I agree that the present value of annuity is less than the eventual payout and all, but I still say it’s a jack by the lottery people.

They collected all the lottery money *now *- and they advertise that you win X million dollars. You don’t. You win it 1/50th at a time for 50 years, not adjusted for inflation. They’re essentially borrowing the money you just won and paying it back without interest over 50 years.

(By the way, you may be playing the wrong casino games if you get only 90-95% :cool: )

There’s a simple math fallacy in this analysis. Rather than trying to explain it in English I’ll just demonstrate it with a simple example.

Let’s suppose a roulette wheel, and that you want to turn $100 into $900. You can achieve this (with 4 chances in 38 (37 in Europe)) by simply placing your $100 chip to touch 4 numbers. Vigorish = $5 (approx).

Another way to turn $100 into $900 at the roulette wheel is to win a series of even-money bets. Roulette wheel vigorish is constant across bets (the way it is played in U.S.A. – ignore European “en prise”) so after your first bet you’ve in a sense forfeited $5 vigorish whether you won or lost. But if you won (as you will almost half the time), you then place a $200 bet; thus “forfeiting” a further $10 vigorish. If that wins you place a $400 bet. Your expected loss to vigorish is already $15 and you’re only up to $800 (not $900) if you do win 3 times in a row. (An easier way to verify all this would be simply to calculate your chance of final success; you’ll see it’s higher when you make the higher-payoff bet.)

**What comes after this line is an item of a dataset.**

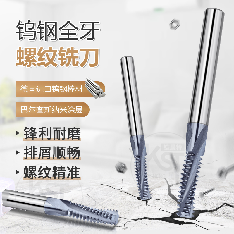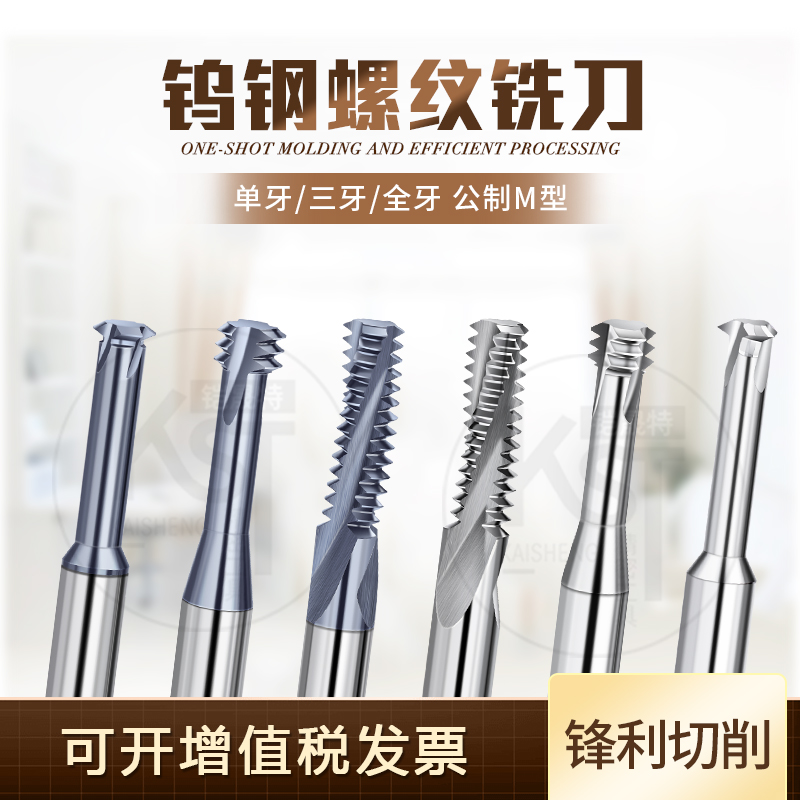Numerical control monolithic tungsten steel full tooth thread milling cutter alloy milling tooth internal and external thread knife aluminium with steel M3-M20

Stated more concisely, the vigorish on a single bet is not a single satisfactory measure of bet goodness (at least if there’s a chance you’ll make a 2nd bet!) This is why Keno is a relatively “smart” bet despite the 30% vigorish. And why Lotto is a better game than your analysis implies.

But I wouldn’t argue with the claim that many gambling options are like Tic-Tac-Toe and Thermonuclear Warfare: the best play of all may be not to play :cool:

You don’t live in a state where the income tax is 15%. Currently, the highest state income tax is Vermont’s, at 9.5%. Well, actually, it’s Hawaii, at 11%, but I don’t think they have a lottery anyway.

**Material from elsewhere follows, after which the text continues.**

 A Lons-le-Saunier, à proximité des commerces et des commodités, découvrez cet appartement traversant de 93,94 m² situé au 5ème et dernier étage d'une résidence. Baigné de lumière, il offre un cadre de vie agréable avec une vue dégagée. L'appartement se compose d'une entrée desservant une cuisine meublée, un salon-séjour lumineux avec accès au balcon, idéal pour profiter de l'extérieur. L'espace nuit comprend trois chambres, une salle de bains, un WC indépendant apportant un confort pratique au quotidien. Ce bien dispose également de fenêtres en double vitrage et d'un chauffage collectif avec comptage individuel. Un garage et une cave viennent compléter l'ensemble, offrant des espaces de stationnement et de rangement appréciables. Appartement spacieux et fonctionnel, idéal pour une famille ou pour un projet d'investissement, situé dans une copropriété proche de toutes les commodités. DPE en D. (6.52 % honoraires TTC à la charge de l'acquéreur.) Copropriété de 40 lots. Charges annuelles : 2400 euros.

I suppose in theory you might live in one of the very few cities which levies its own income taxes on top of state taxes, but I’m pretty sure that even in those cases you’re at 10% total or below.

Now, the highest marginal federal tax rate is 35%, as you note - but you don’t pay federal income tax on lottery winnings, you pay the 25% withholding tax. The marginal income tax rates apply only to wages, salary and tips; unearned, retirement or investment income is taxed differently.

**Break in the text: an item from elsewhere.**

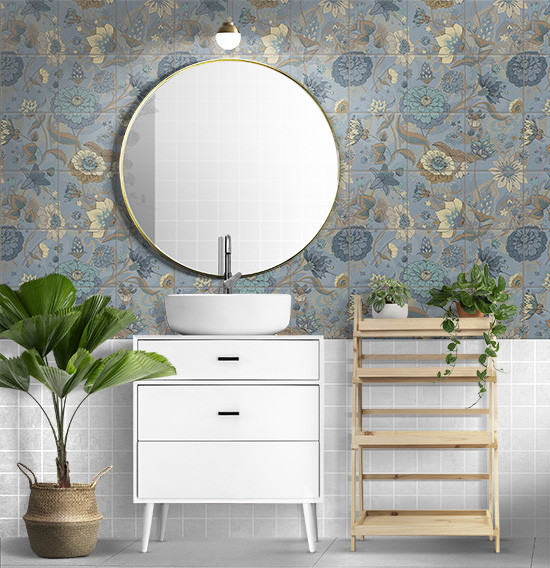 Blue garden - kék virágmintás fürdőszoba csempe

Anyway, even if it was taxed at the marginal earned income rates, state income tax paid would generally be deductible from taxable income at the federal level.

It’s only a jack if you don’t read the rules. It’s not like the annuity/lump sum is a secret or anything.

That’s how I feel, I always think of it in terms of quantum mechanics.
When I buy the ticket, I have opened up a whole new realm of probabilites, kind of like putting that cat in the box.

Instead of being “not rich”, I am neither “rich” nor “not rich”, until the time when I get the drawing results, the probabilities collapase and I go back to being just plain “not rich”.

I think you’re overthinking this. The standard form of analyzing the odds of different gambling systems is much simpler. You add up all the money the game takes in on average and add up all the money it pays out on average, then divide. That’s how casinos figure their odds. They figure they’ll pay out 98 cents for every dollar they collect in Blackjack and 95 cents for every dollar they collect in Roulette and 75 cents for every dollar they collect in Keno. Players can use the same odds with the additional factor that they can calculate the payout for a particular series of bets in a game (for example playing red or black in Roulette) rather than the total payout for all the bets in the game.

And as others have said, lotteries generally payout 50 cents or less on the dollar.